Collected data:
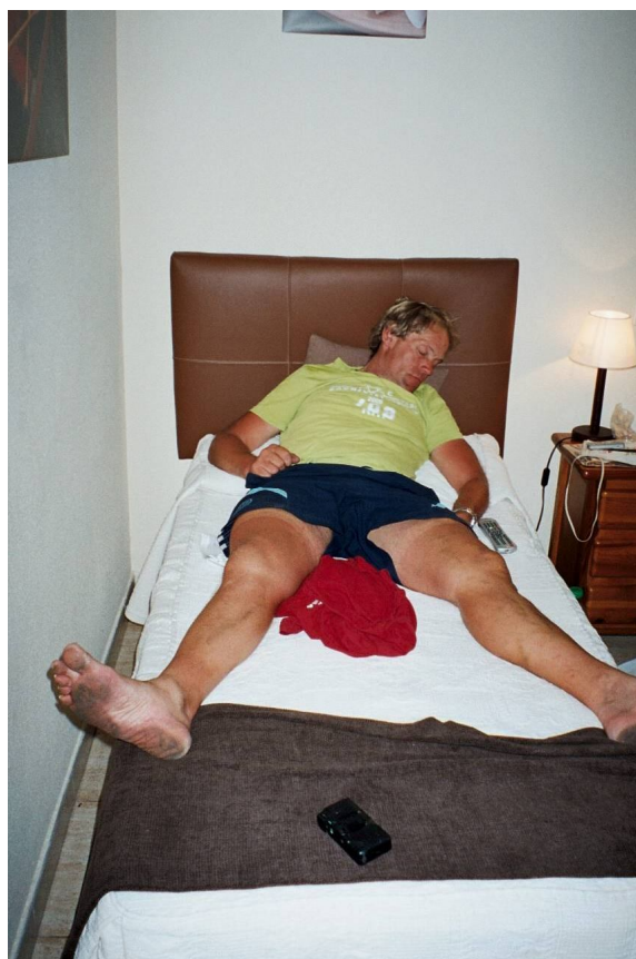
Et træt lokomotiv fra Salling napper en velfortjent lur

Behøver jeg at fortælle, at da bussen stoppede i en stor underjordisk rutebilstation i en forstad til Madrid, mødte jeg en spanioler, som tilfældigvis havde arbejdet et år i Thisted for 2 år siden. Han hjalp mig, som det mest naturlige, gennem metroen og videre til busstationen i det centrale Madrid. Jeg kom med den lokale bus til Algete, hvor jeg straks mødte mine glade holdkammerater, der i mellemtiden var kommet i mål. Sådan endte historien lykkeligt for os alle.
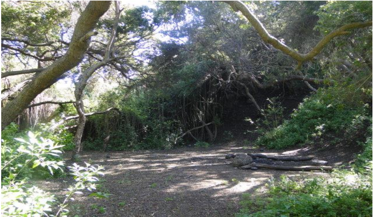
Figura 2: Interior del bosque esclerófilo costero de Molle-Lilén.

UV1.- Bosque esclerófilo costero de molle y lilén: Unidad de vegetación casi pura de individuos altos de Schinus latifolius , acompañado de Azara celastrina , ubicado al Nor-Este del campo dunar, muy singular y escaso en la región. Se sitúan en el algunas especies de sombra y humedad como Cissus striata y Cassia stipulacea . Se trata de una etapa sucesional de los bosques costeros de Peumo–Molle, que hace más singular todo el sistema dunar y las laderas vegetadas adyacentes (Fig. 2).
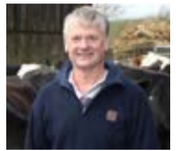
Cliciwch yma i weld proffil Haydn
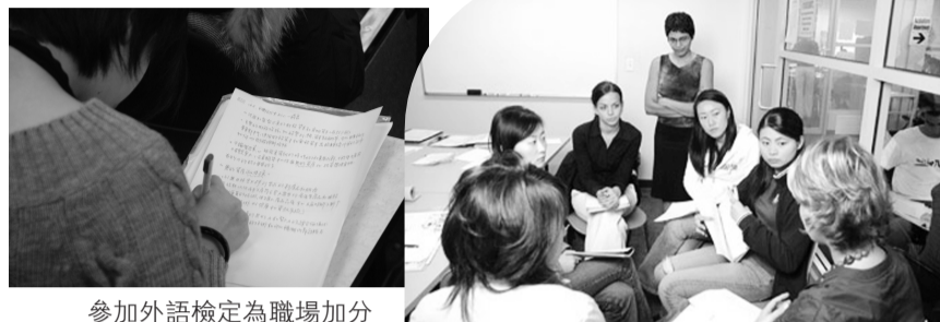
參加外語檢定為職場加分 最高 5000 元獎金鼓勵同學勇敢學外語

其詳細申請資格可看： http://www.pccu.edu.tw/post/content.asp?NUM=20100329113217344
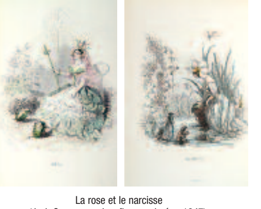
La rose et le narcissus (J.-J. GRANVILLE, Les fleurs animées. 1847).
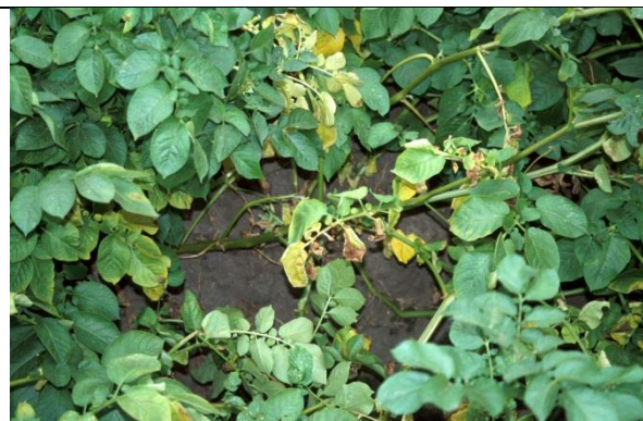
Verwelkingsziekte door Verticillium in aardappel.

EXERCISE PROMPT:
Set the pictures aside and repeat only the lines from the one containing "Cliciwch yma i weld proffil Haydn" through the last line of the entries above, exactly as they stand.

SOLUTION FOR THIS PROBLEM:
Cliciwch yma i weld proffil Haydn
參加外語檢定為職場加分 最高 5000 元獎金鼓勵同學勇敢學外語

其詳細申請資格可看： http://www.pccu.edu.tw/post/content.asp?NUM=20100329113217344
La rose et le narcissus (J.-J. GRANVILLE, Les fleurs animées. 1847).
Verwelkingsziekte door Verticillium in aardappel.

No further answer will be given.